Directions for this task »
Your job here is to restate every record exactly, pictures excluded.

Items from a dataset
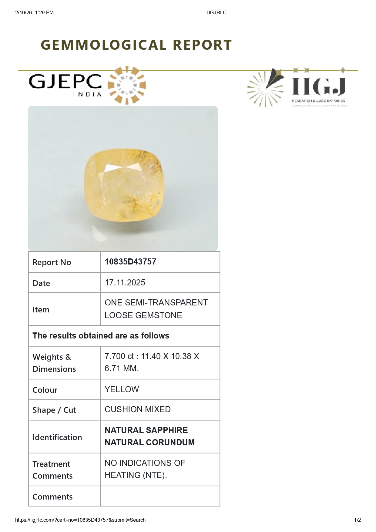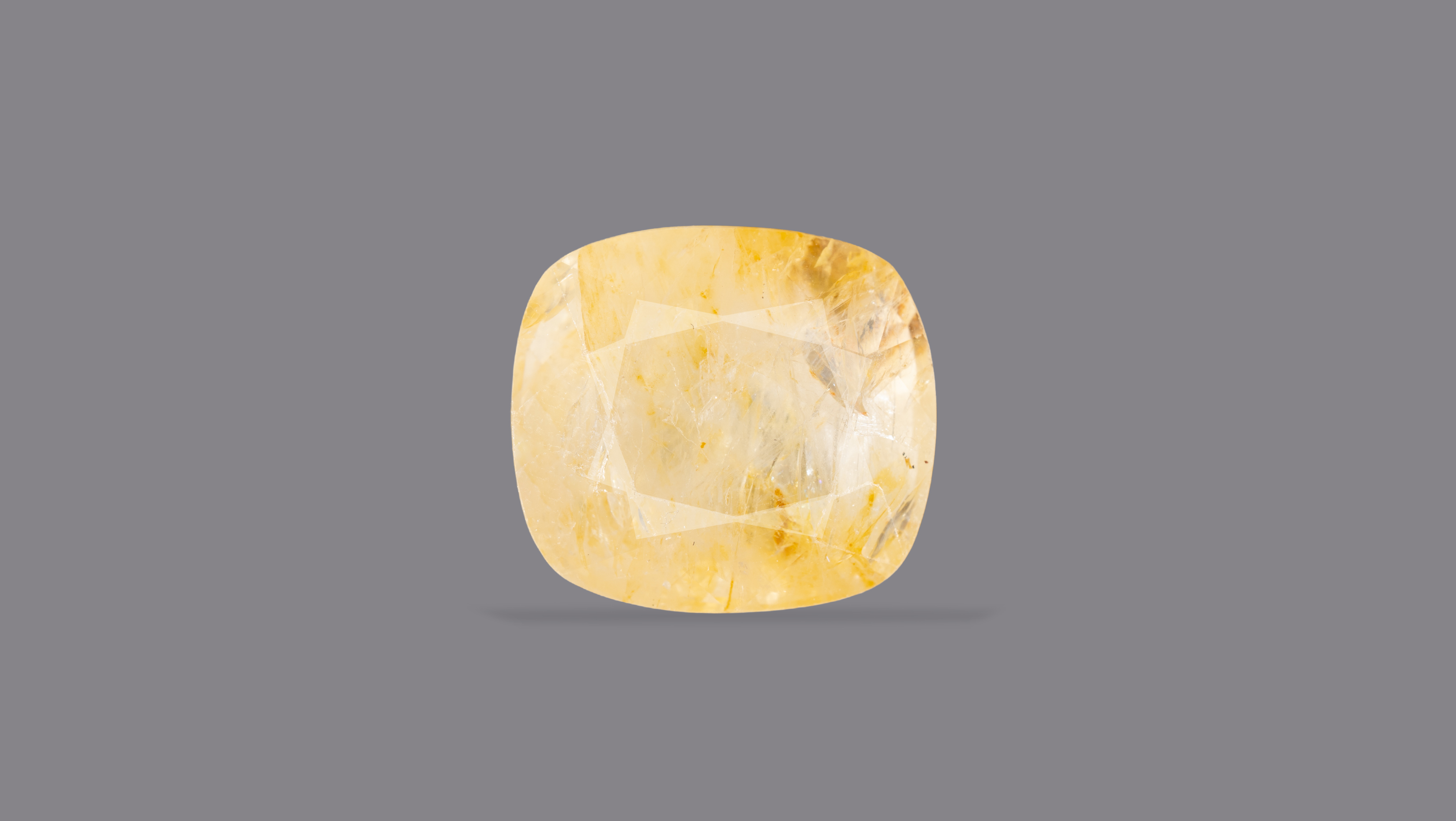 Buy one beautiful transparent 7.70 Carat/ 8.46 Ratti original yellow sapphire stone online.It has a cushion shape, and a clarity grade of eye clean (evaluated at eye level), with good color intensity. The origin of this real yellow sapphire(pukhraj) stone is Ceylon(Sri Lanka). This yellow sapphires is 100% unheated & untreated and certified from IIGJ Govt. Lab.
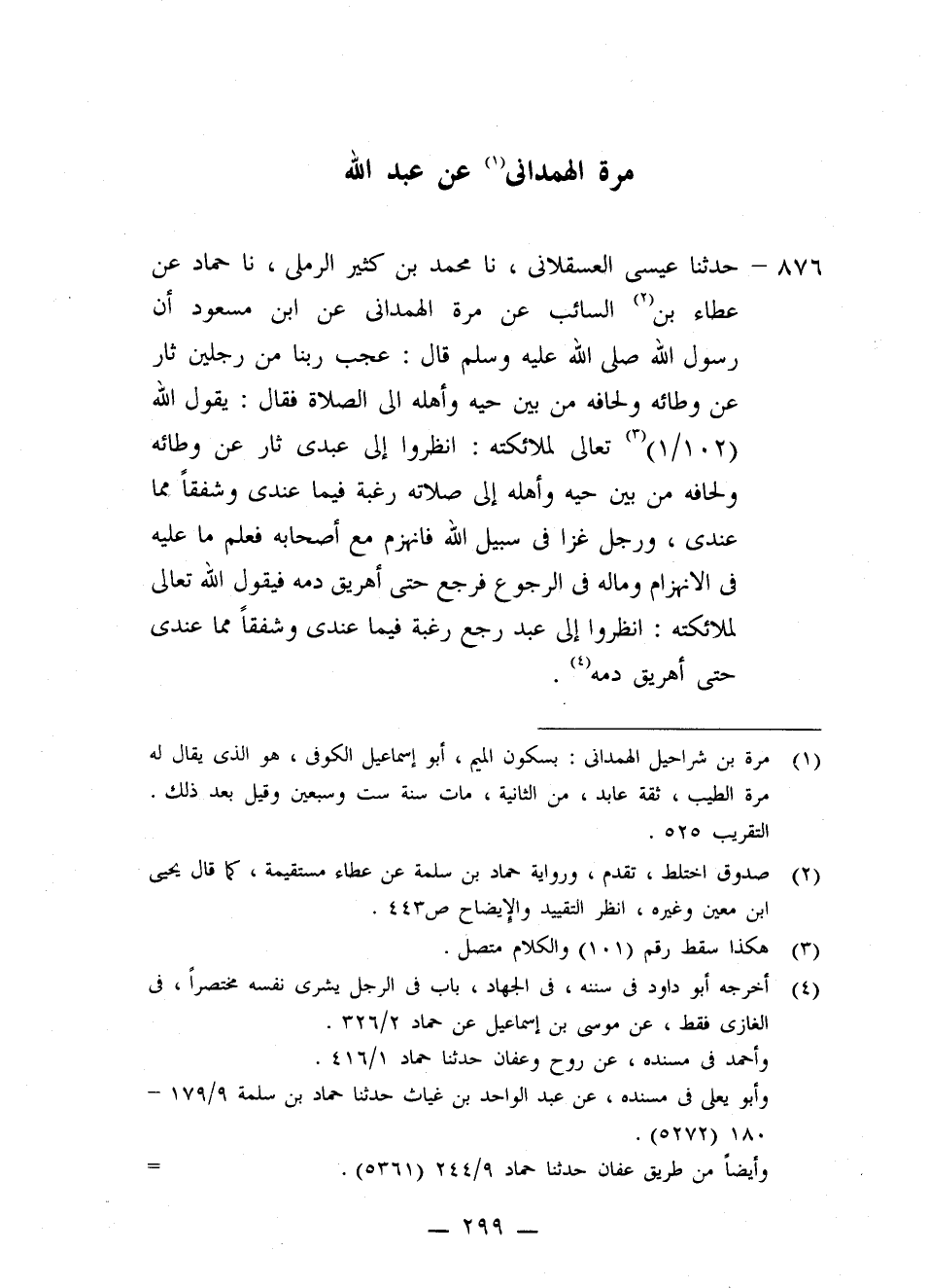 876 - حَدَّثَنَا عِيسَى الْعَسْقَلَانِيُّ، نا مُحَمَّدُ بْنُ كَثِيرٍ الرَّمْلِيُّ، نا حَمَّادٌ، عَنْ عَطَاءِ بْنِ السَّائِبِ، عَنْ مُرَّةَ الْهَمْدَانِيِّ، عَنِ ابْنِ مَسْعُودٍ، أَنَّ رَسُولَ اللَّهِ صَلَّى اللهُ عَلَيْهِ وَسَلَّمَ قَالَ: " §عَجِبَ رَبُّنَا مِنْ رَجُلَيْنِ: رَجُلٌ ثَارَ عَنْ وِطَائِهِ وَلِحَافِهِ مِنْ بَيْنِ حَيِّهِ وَأَهْلِهِ إِلَى الصَّلَاةِ، فَقَالَ: يَقُولُ اللَّهُ تَعَالَى لِمَلَائِكَتِهِ: «انْظُرُوا إِلَى عَبْدِي ثَارَ عَنْ وِطَائِهِ وَلِحَافِهِ مِنْ بَيْنِ حَيِّهِ وَأَهْلِهِ إِلَى صَلَاتِهِ رَغْبَةً فِيمَا عِنْدِي وَشَفَقًا مِمَّا عِنْدِي» ، وَرَجُلٌ غَزَا فِي سَبِيلِ اللَّهِ فَانْهَزَمَ مَعَ أَصْحَابِهِ، فَعَلِمَ مَا عَلَيْهِ فِي الِانْهِزَامِ، وَمَالَهُ فِي الرُّجُوعِ، فَرَجَعَ حَتَّى أُهْرِيقَ دَمُهُ، فَيَقُولُ اللَّهُ تَعَالَى لِمَلَائِكَتِهِ: «انْظُرُوا إِلَى عَبْدٍ رَجَعَ رَغْبَةً فِيمَا عِنْدِي وَشَفَقًا مِمَّا عِنْدِي حَتَّى أُهْرِيقَ دَمُهُ»
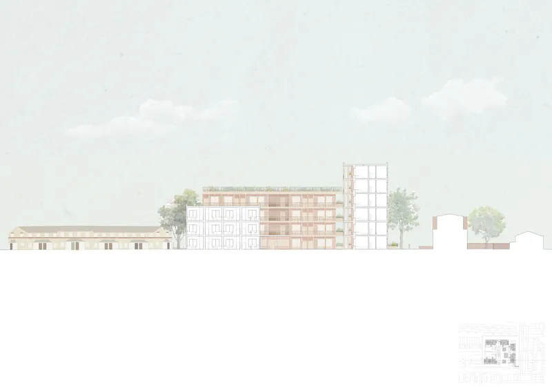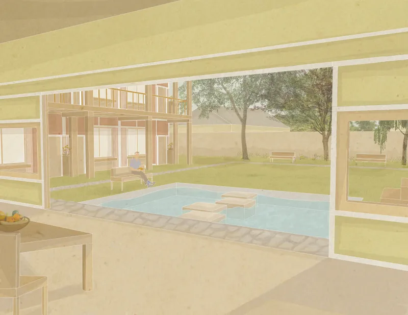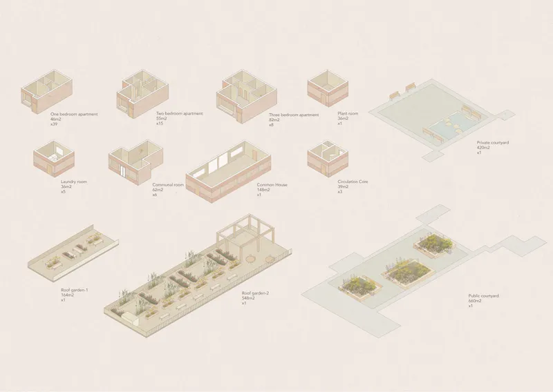 This project aimed to re-establish collective living as a social, environmental, and economic tool by optimizing the individual private housing space and increasing the area of the collective space to include functions that are smaller in the individual apartments. In the collective space, labour is shared by the collective to reduce the amount of work required from the individual and would lower the energy consumption by allowing them to use spaces and services collectively, that alongside using good insulation, low carbon materials, and the maintenance of the existing green spaces would help achieve environmental sustainability and add to the economical and social sustainability that co-housing offers.
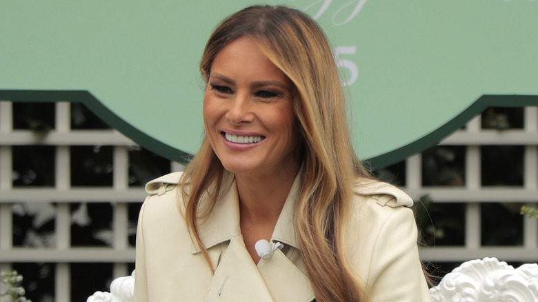 Just before Donald Trump won the 2024 presidential election, some individuals predicted that Melania Trump would live in the White House only part-time — an indication that she was, perhaps, less than enthusiastic about reprising her role as first lady. "She grits her teeth, turns her head and does what she needs to do," one insider divulged to People in November 2024. In the past, rather than giving her opinions, Melania has appeared to communicate instead with her wardrobe choices, and they've sometimes meant more than people realized. Lately, trench coats have been Melania's go-to items, and they've seemed at odds with the first lady's typically polished style, perhaps indicating that she would rather be doing other things with her time. For instance, on April 25, 2025, as she and Donald prepared to board a helicopter, Melania wore a voluminous trench coat that billowed in the breeze, basic black flats, and oversized sunglasses. The Trumps were on their way to attend Pope Francis' funeral, where Donald may be disappointed with his distant seating.
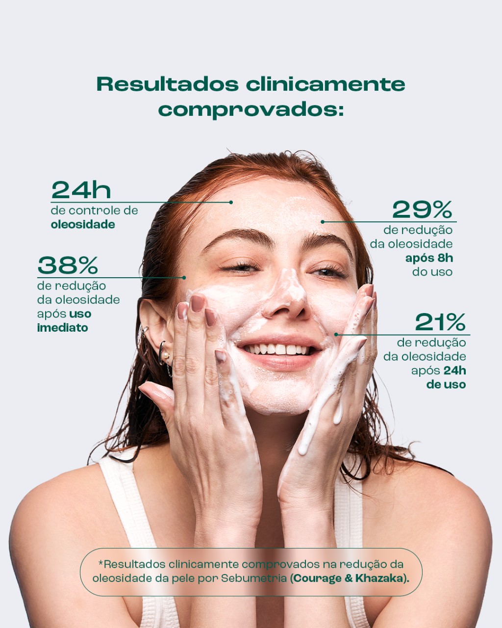 Esses resultados reforçam que a fórmula não apenas limpa, mas cuida e equilibra a pele de forma duradoura, garantindo o controle da oleosidade sem comprometer a hidratação natural.
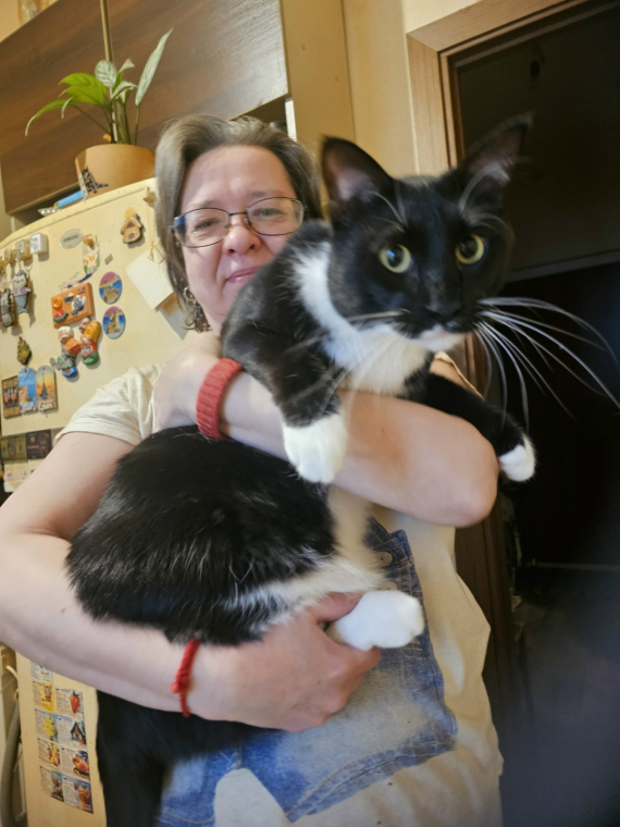 Дымок. Подобрашка, найден и притащен Светланой Сергеевной. Был нещадно бит моим котом Барсиком (увы, мой любимец бесследно пропал), возила на операцию в ветеринарку, потому и голова сине-зеленая))) Вырос красивый, умный котей, участвует во всем абсолютно, ходит следом как собачка, и охотник первоклассный.

Response to this task »
 Buy one beautiful transparent 7.70 Carat/ 8.46 Ratti original yellow sapphire stone online.It has a cushion shape, and a clarity grade of eye clean (evaluated at eye level), with good color intensity. The origin of this real yellow sapphire(pukhraj) stone is Ceylon(Sri Lanka). This yellow sapphires is 100% unheated & untreated and certified from IIGJ Govt. Lab.
 876 - حَدَّثَنَا عِيسَى الْعَسْقَلَانِيُّ، نا مُحَمَّدُ بْنُ كَثِيرٍ الرَّمْلِيُّ، نا حَمَّادٌ، عَنْ عَطَاءِ بْنِ السَّائِبِ، عَنْ مُرَّةَ الْهَمْدَانِيِّ، عَنِ ابْنِ مَسْعُودٍ، أَنَّ رَسُولَ اللَّهِ صَلَّى اللهُ عَلَيْهِ وَسَلَّمَ قَالَ: " §عَجِبَ رَبُّنَا مِنْ رَجُلَيْنِ: رَجُلٌ ثَارَ عَنْ وِطَائِهِ وَلِحَافِهِ مِنْ بَيْنِ حَيِّهِ وَأَهْلِهِ إِلَى الصَّلَاةِ، فَقَالَ: يَقُولُ اللَّهُ تَعَالَى لِمَلَائِكَتِهِ: «انْظُرُوا إِلَى عَبْدِي ثَارَ عَنْ وِطَائِهِ وَلِحَافِهِ مِنْ بَيْنِ حَيِّهِ وَأَهْلِهِ إِلَى صَلَاتِهِ رَغْبَةً فِيمَا عِنْدِي وَشَفَقًا مِمَّا عِنْدِي» ، وَرَجُلٌ غَزَا فِي سَبِيلِ اللَّهِ فَانْهَزَمَ مَعَ أَصْحَابِهِ، فَعَلِمَ مَا عَلَيْهِ فِي الِانْهِزَامِ، وَمَالَهُ فِي الرُّجُوعِ، فَرَجَعَ حَتَّى أُهْرِيقَ دَمُهُ، فَيَقُولُ اللَّهُ تَعَالَى لِمَلَائِكَتِهِ: «انْظُرُوا إِلَى عَبْدٍ رَجَعَ رَغْبَةً فِيمَا عِنْدِي وَشَفَقًا مِمَّا عِنْدِي حَتَّى أُهْرِيقَ دَمُهُ»
 This project aimed to re-establish collective living as a social, environmental, and economic tool by optimizing the individual private housing space and increasing the area of the collective space to include functions that are smaller in the individual apartments. In the collective space, labour is shared by the collective to reduce the amount of work required from the individual and would lower the energy consumption by allowing them to use spaces and services collectively, that alongside using good insulation, low carbon materials, and the maintenance of the existing green spaces would help achieve environmental sustainability and add to the economical and social sustainability that co-housing offers.
 Just before Donald Trump won the 2024 presidential election, some individuals predicted that Melania Trump would live in the White House only part-time — an indication that she was, perhaps, less than enthusiastic about reprising her role as first lady. "She grits her teeth, turns her head and does what she needs to do," one insider divulged to People in November 2024. In the past, rather than giving her opinions, Melania has appeared to communicate instead with her wardrobe choices, and they've sometimes meant more than people realized. Lately, trench coats have been Melania's go-to items, and they've seemed at odds with the first lady's typically polished style, perhaps indicating that she would rather be doing other things with her time. For instance, on April 25, 2025, as she and Donald prepared to board a helicopter, Melania wore a voluminous trench coat that billowed in the breeze, basic black flats, and oversized sunglasses. The Trumps were on their way to attend Pope Francis' funeral, where Donald may be disappointed with his distant seating.
 Esses resultados reforçam que a fórmula não apenas limpa, mas cuida e equilibra a pele de forma duradoura, garantindo o controle da oleosidade sem comprometer a hidratação natural.
 Дымок. Подобрашка, найден и притащен Светланой Сергеевной. Был нещадно бит моим котом Барсиком (увы, мой любимец бесследно пропал), возила на операцию в ветеринарку, потому и голова сине-зеленая))) Вырос красивый, умный котей, участвует во всем абсолютно, ходит следом как собачка, и охотник первоклассный.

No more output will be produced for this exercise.